Apropos Warmduscher: Nach Feierabend saß ich für ein paar Bier im Pub neben einem bereits angetrunkenen Fliesenleger. Ich verstand nicht viel von dem, was er sagte. „Zuhören ist wichtig“, sagte er öfter. Und da konnte ich ihm nur zustimmen. Aber ansonsten… Ich schätzte ihn Mitte Dreißig. Er saß in seiner Arbeiterkluft an der Bar und erzählte drauflos. Ziemlich viel Frust lud er ab. Schließlich spendierte er mir einen Schnaps. So ist das unter Männern, - ich meine, unter richtigen Männern. Dieter Nuhr sollte man ab und zu mit seinem eigenen Spruch konfrontieren: „Wenn man keine Ahnung hat, einfach mal Fresse halten.“
Nein, ich rege mich nicht mehr als nötig über diesen Laffen auf. Wir leben nun mal in einer Arschlochwelt. Hier in Berlin kommt man an Arschlöchern jeglicher Couleur nicht vorbei. Es gibt zu viele. Wenn ich meine Wohnung verlasse, betrete ich Arschloch-Terrain.

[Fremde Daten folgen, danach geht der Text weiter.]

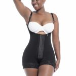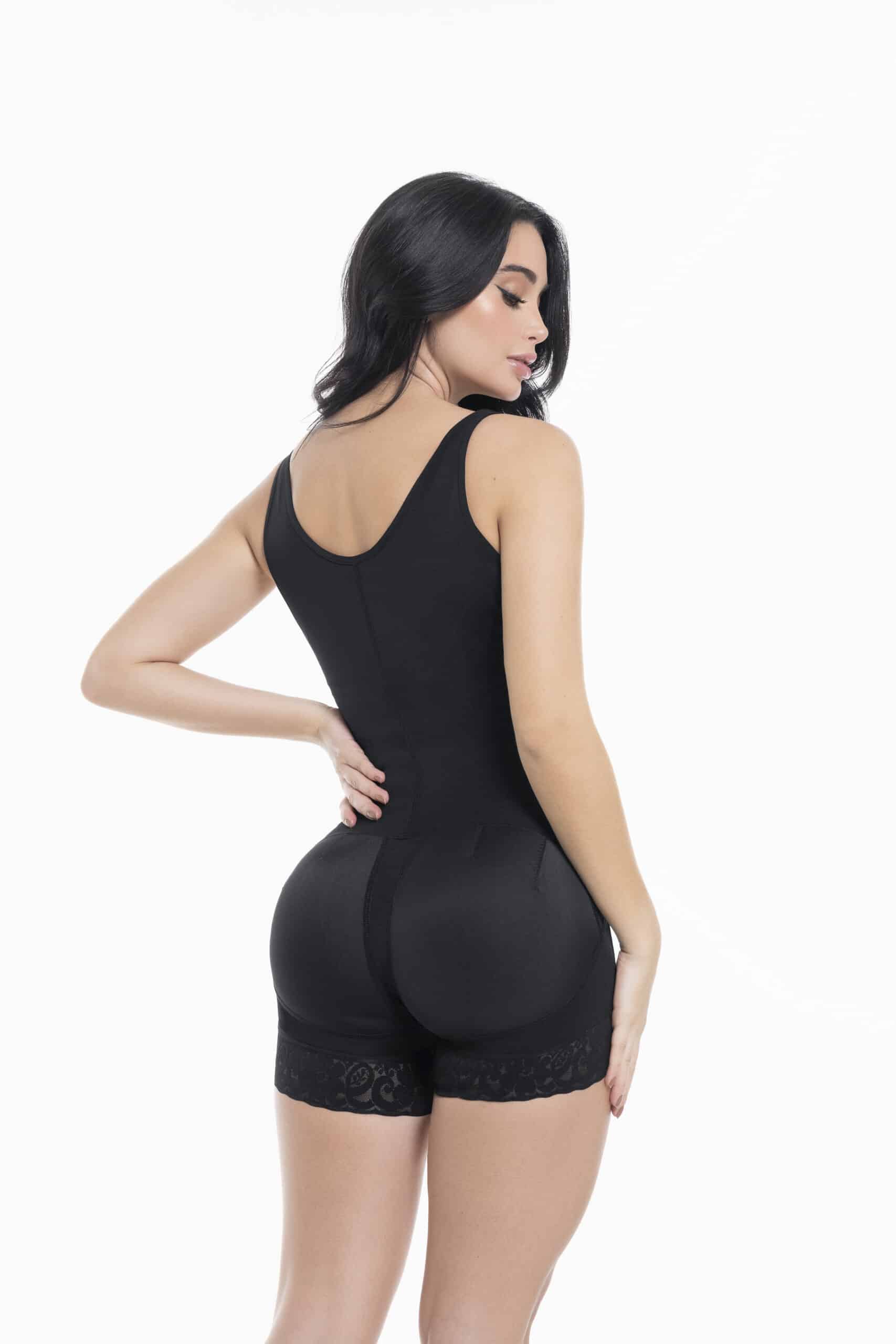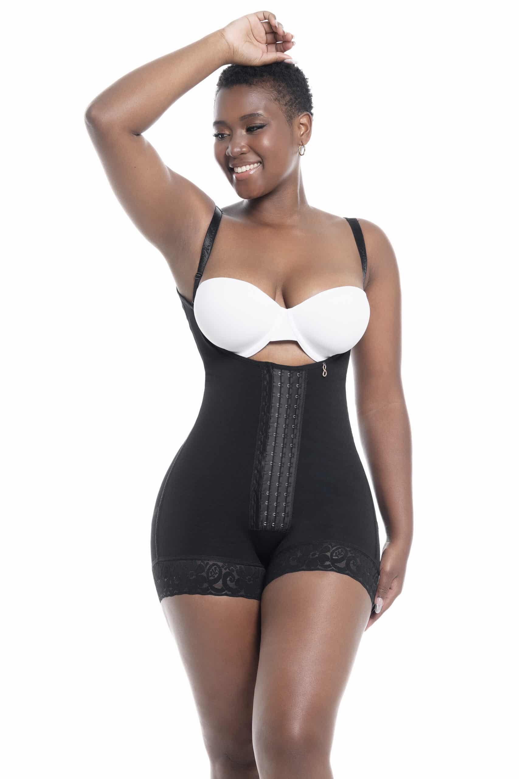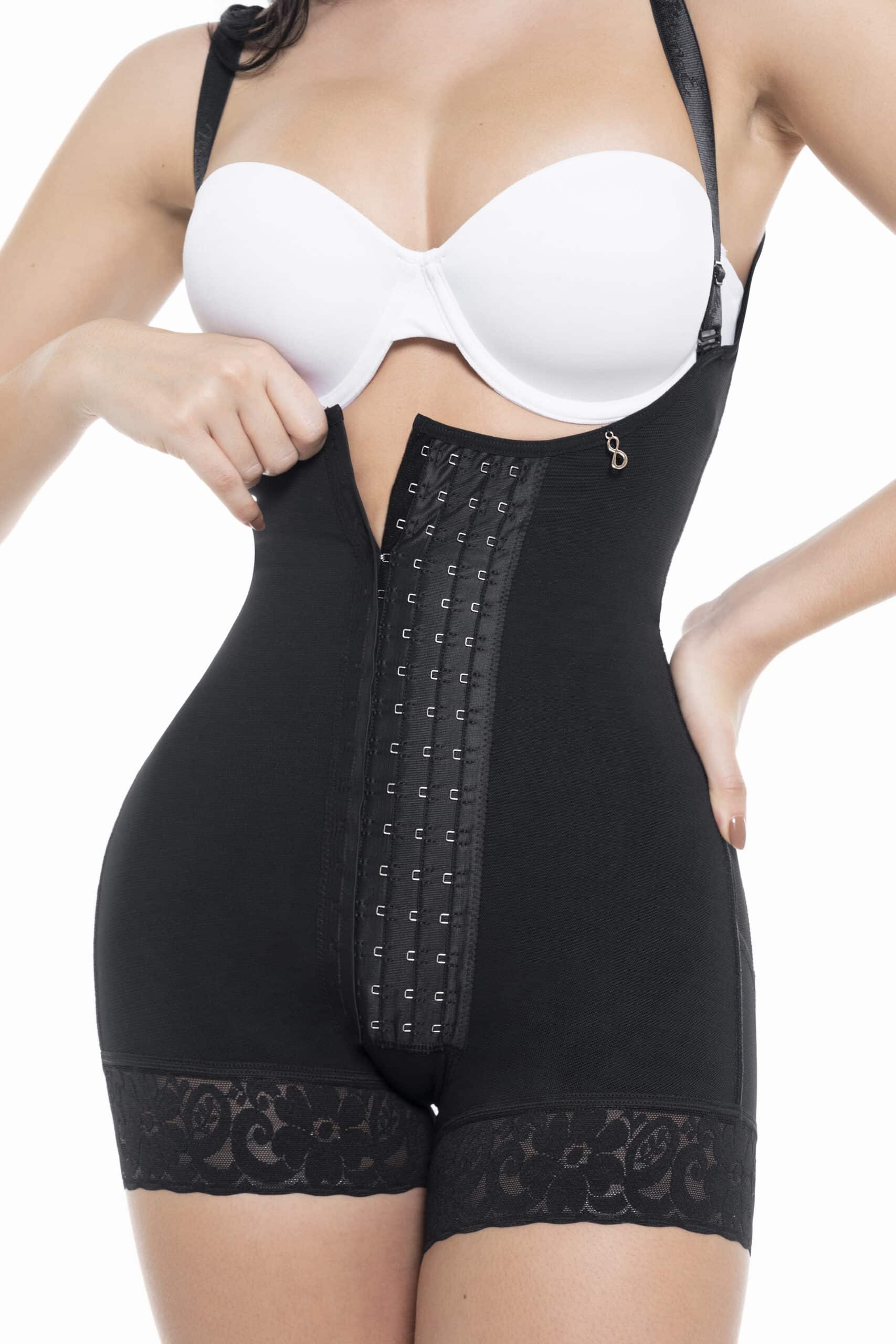 This short model features strong compression, with four rows of hooks that allow you to tighten it gradually during your recovery. The straps are thin and adjustable, and the back is covered. The buttocks are beautifully lifted thanks to a built-in butt-lifter.

Nicht nur Weihnachten geht mir jedes Jahr gehörig auf den Sack, sondern auch die debile Knallerei ein paar Tage später zu Silvester. Am liebsten würde ich mich da verstecken oder mir das Ganze gemütlich von der Erdumlaufbahn aus ansehen. Sind doch jetzt wieder Plätze frei in der ISS.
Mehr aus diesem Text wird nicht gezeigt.